Tom Clancy makes it look so simple Author's on target with his thrillers, at ease with fame

August 19, 1994|By Marian Christy | Marian Christy,Special to The Sun

Tom Clancy is not the rough-tough human tornado that his gripping, action-powered thrillers might suggest.

The multimillionaire king of espionage novels that translate into blockbuster movies ("The Hunt for Red October," "Patriot Games" and now "Clear and Present Danger") weeps at sad scenes onstage or on the screen, counsels children in the throes of terminal cancer and will not, under any circumstances, allow himself to be coaxed or cajoled onto a roller coaster.

"Just thinking about a roller coaster makes [ill]," Clancy announces during a telephone interview from his $2 million Maryland estate.

From a man whose fictional heroes often dangle by a few fingers from speeding helicopters that undulate nauseatingly, this is a surprising admission. But, then, Clancy is a man of many contradictions.

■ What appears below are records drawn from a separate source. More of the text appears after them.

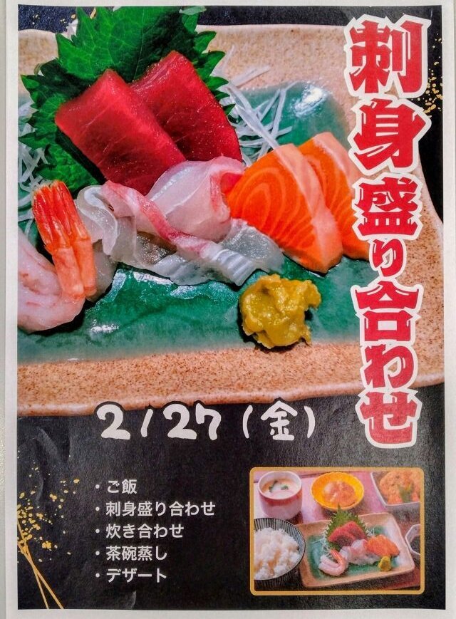 次回のごちそうメニューは『刺身盛り合わせ』です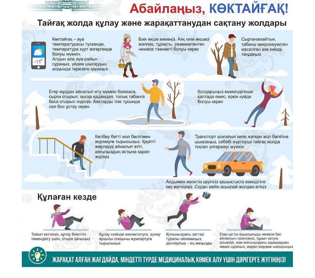 Көктайғақ кезінде жарақат алғандар, буыны шыққан және cүек сындырған жаяу жүргіншілер саны 2 немесе одан да көп есеге артады.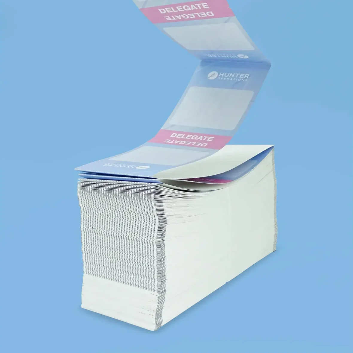 Printed Non-Adhesive Fanfold Badges are eco-friendly, FSC-certified, and reusable – perfect for sustainable name badges at large events.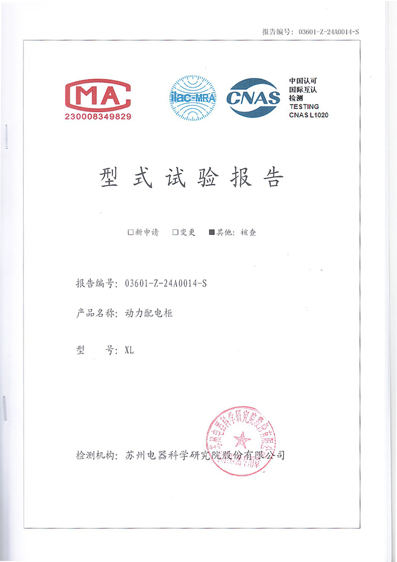 XL動(dòng)力配電柜 試驗(yàn)報(bào)告2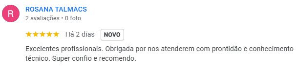 São mais de 60 avaliações 5 estrelas no Google. Veja abaixo alguns depoimentos.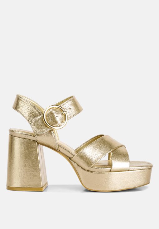 Step into the 70s with these metallic strappy high block heel sandals, exuding evening glamour. Ideal for a night out, these sandals offer a refreshing alternative to black platform boots everyone is wearing. Make a statement on the dance floor in these unique heels. Embrace their stylish appeal and enjoy a touch of vintage-inspired elegance that will undoubtedly set you apart from the crowd.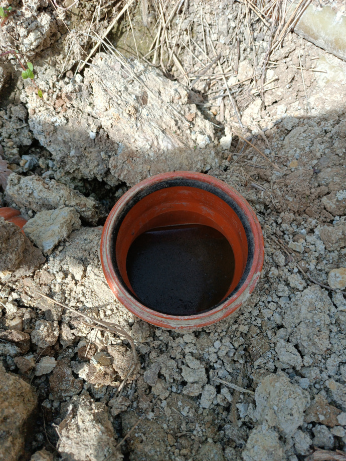 A tisztító idomot megtaláltuk a kerítéstől kb 1,5 m-re, azonban a fotón is látható, hogy nagyjából félszelvényig fel volt telve a csatorna hordalékkal. Szomorú, de erre csak egy megoldás van. A lefektetett csővezetéket kiásni, megfelelően tömörített homokágyba újraszintezve megépíteni, majd visszatakarni.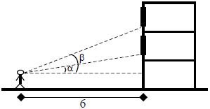 Parada a uma distância de 6 m de um prédio, uma pessoa observa os parapeitos de duas janelas, respectivamente sob os ângulos \alpha = 30^{ \circ} e \beta = 45^{ \circ}, conforme ilustra a figura abaixo.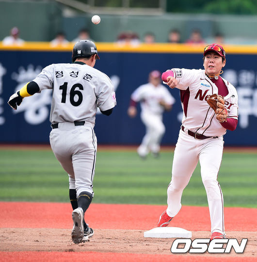 11일 오후 서울 목동구장에서 열린 '2014 한국야쿠르트 세븐 프로야구' 넥센 히어로즈와 LG 트윈스의 경기, 2회초 1사 1루 LG 박용택의 병살타때 넥센 강정호 유격수가 1루 주자 정성훈을 포스아웃시킨뒤 1루로 송구하고 있다.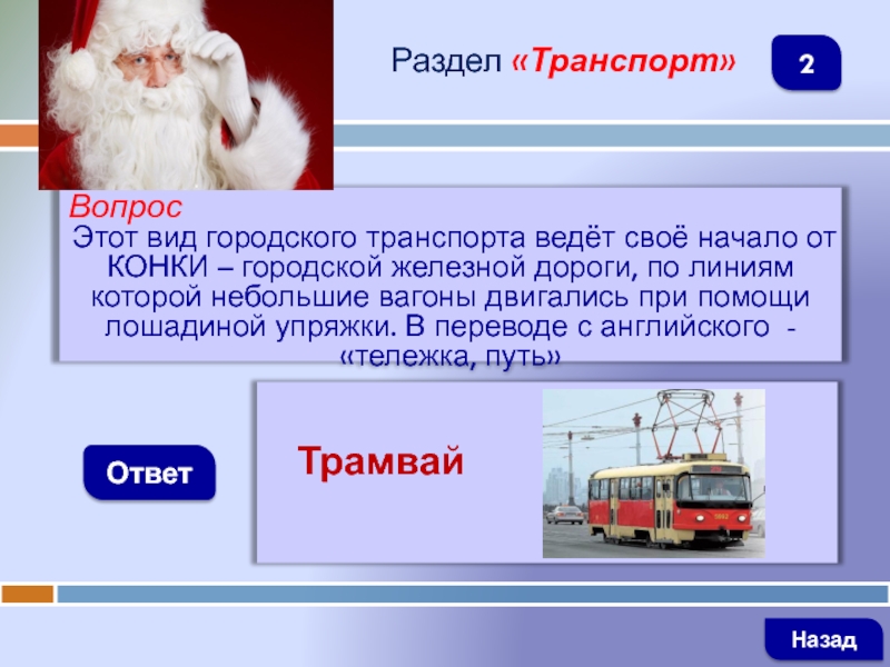 ВопросЭтот вид городского транспорта ведёт своё начало от КОНКИ – городской железной дороги, по линиям которой небольшие

Even his mansion fits the bill. It has both a peaceful, panoramic view of the Chesapeake Bay and, for Clancy's bull's-eye pleasure, an underground shooting range.

Clancy likes to flirt with danger.

He reportedly smokes two packs of cigarettes a day -- despite dire warnings from Wanda, his wife of 25 years, who is a nurse.

He also likes guns, especially 8 mm pistols, although he never carries one. He prefers shooting a .308-caliber sniper's rifle in the company of FBI and Secret Service agents.

What is it that draws Clancy to real-life, adventuresome government-types -- besides the obvious possibility of garnering insider information?

"They have the nicest toys," he purrs coyly.

It's an attempt to deflate the question.

Yet hitting one's target, moving beyond limitations and barriers, is a constant theme of Clancy's books.

L His good guys always win. They make the impossible possible.

"I have found," he says evenly, "that I had to concentrate completely on my target so I didn't embarrass myself. When I concentrated, I discovered that hitting my target was easier than it looked."

According to Clancy, concentration -- along with stubborn determination -- is what has made him, a mailman's son, terribly rich and famous (or, as he likes to say, without arrogance, "noticed and fashionable").

There are more than 28 million copies of Clancy's books in print, not counting his newest thriller, "Debt of Honor," which was published by G.P. Putnam's Sons on Wednesday.

"The hardest part of any accomplishment is believing it is possible," he explains reflectively. "You choose to take a risk. The rest is easy.

"You summon up your energy and apply it to your dream, which you approach like a job. You just get it done."

One of Clancy's current projects is setting up "The Kyle Foundation," named after a young cancer patient whom Clancy befriended. "We were real close," he says of the boy who died shortly after Clancy took him on a vacation to Disneyland.

The foundation will help raise money to provide entertainment and education via computers to ailing children.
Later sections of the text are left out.